I’ve had a 2014 Denali, 2015 SLT All-Terrain, 2017 LTZ, 2018 base Sierra, 2016 Yukon SLT and a 2019 Tahoe Premium RST to compare to. I think the 2019 High Country is the best yet. The only feature I don’t care for is it seems like they’ve taken some legroom away for the driver’s left foot. Otherwise just small refinements all over.
How heavy are the loaded trailers? If they’re not over 6,000lbs I’d get the 1500. I traded in my 15 3500SRW on the new 1500 and unless I get a big trailer again I’m not going to miss it.
I ended up with a High Country. I agree with the above post about the ugly front fender / bumper junction area but I find it easy to ignore with a dark color, so i got the havana brown. The GMC just has too large of a front end and the only model I found I was able to overlook it was an elevation edition, but they have even less creature comforts than the RST. I couldn’t get one without the safety 2 and technology packages without getting a lighter color, so I went ahead.
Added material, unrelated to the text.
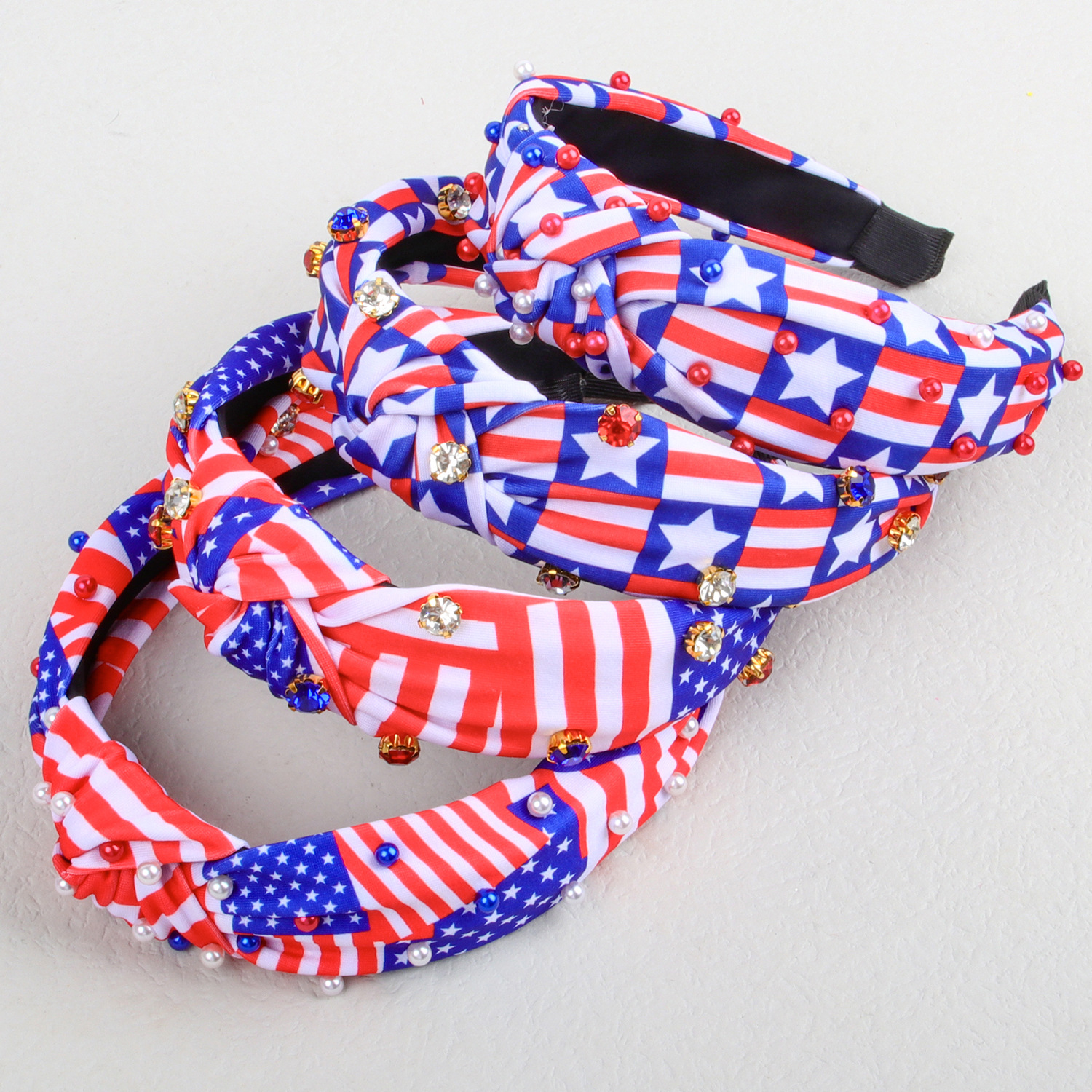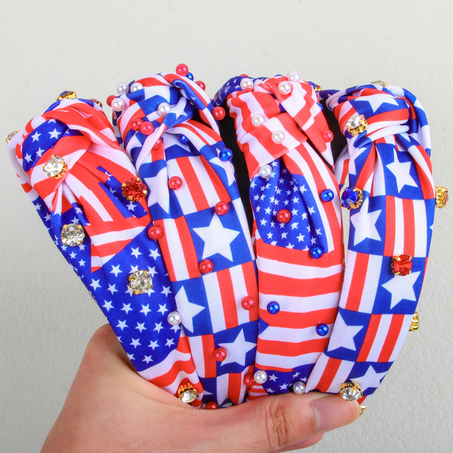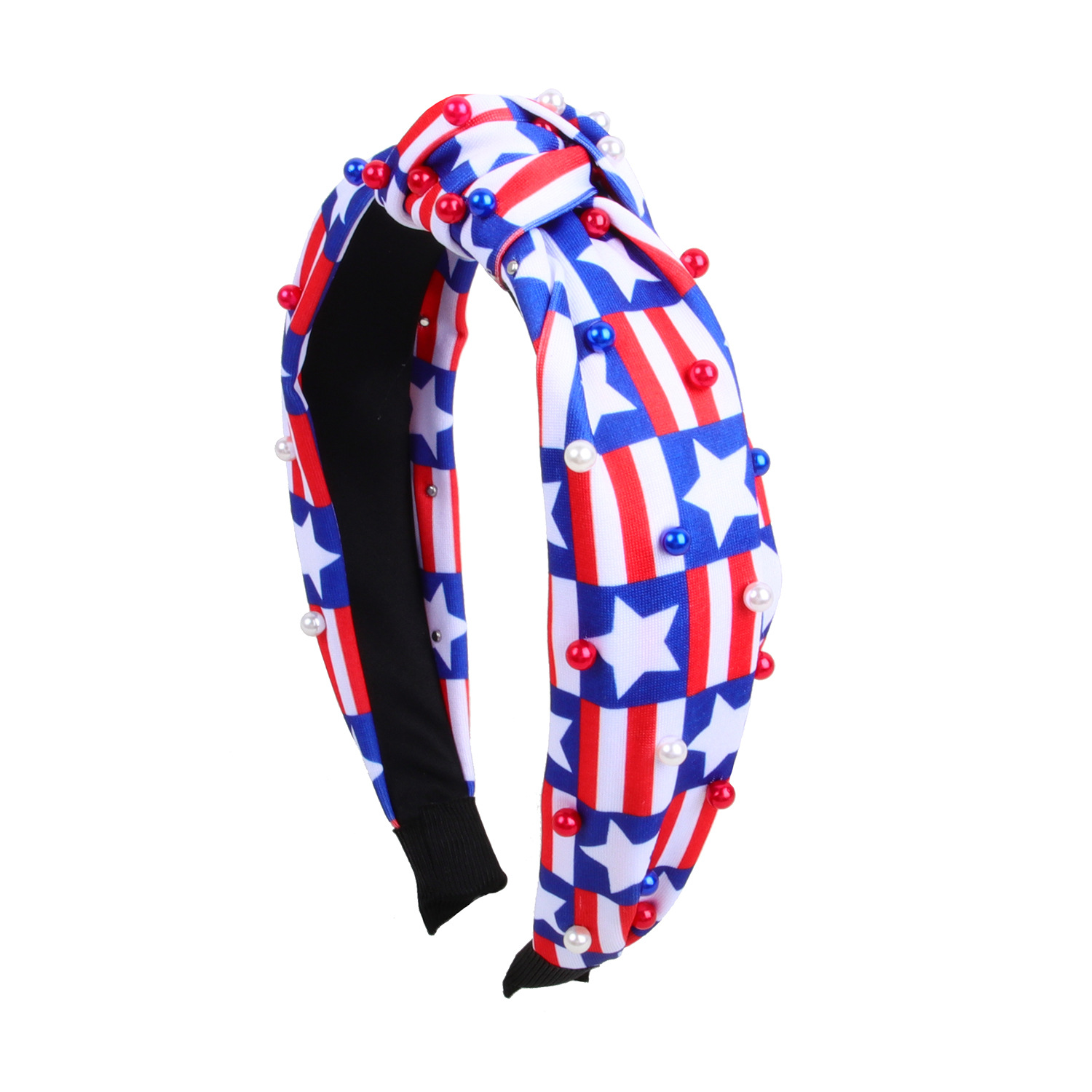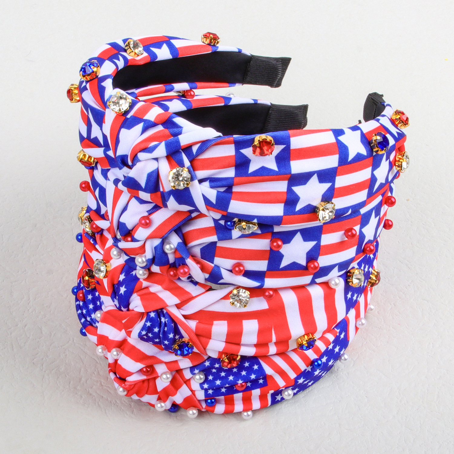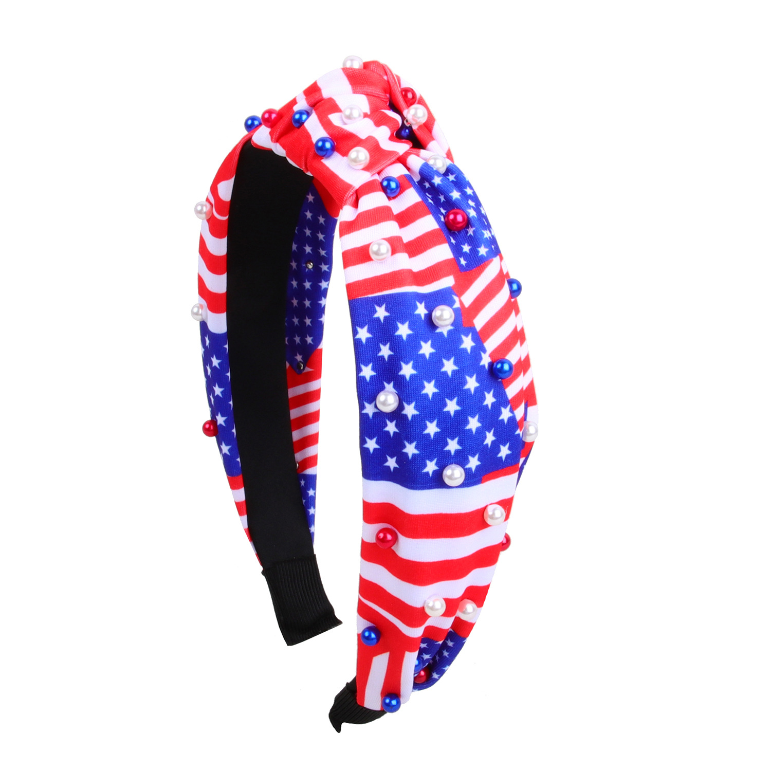 american independence day headband fabric knotted rhinestone headband five-pointed star stripes pearl headband festival hair accessories
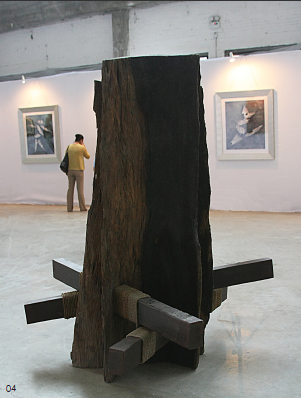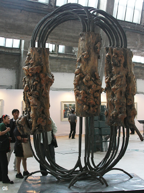 傅新民已奔花甲,但想象活力和创作精力还像年轻人一样充满朝气,大量尝试着巨型艺术创作。在他各种各样的探索中,给我印象最深的,是那些根木和金属相互嵌接或并置的雕塑和装置艺术作品。在传统根艺向当代艺术转化的历史过程中,这类作品具有特殊的意义,承担着特殊的使命。

It’s nice that they have made it easier to shut off all of the safety 2 stuff now on these trucks. I do like the HUD and multiple cameras of the technology package now that I have it, which I thought I’d be indifferent about. The wife doesn’t have that stuff on her Tahoe RST and she’s jealous, lol. I had thought that GMC made a lateral or even backwards move with the interiors for 2019 but after driving the truck my opinion has changed. Many small refinements and improvements add up to me being very pleased. The center stack still looks too big proportionally but otherwise everything seems better and more refined. The only thing I wish I could have gotten on the HC that’s only available on the Denali is the dark walnut leather. I went with the jet black and I’m happy, I like how they’ve made the truck’s headliner a dark charcoal color instead of light grey, it looks much better. No disappointments so far. I haven’t driven the truck much at night yet but the headlights seem good, fog lights seem mediocre at best. I’m thinking the lighting on my 2017 LTZ may have been better.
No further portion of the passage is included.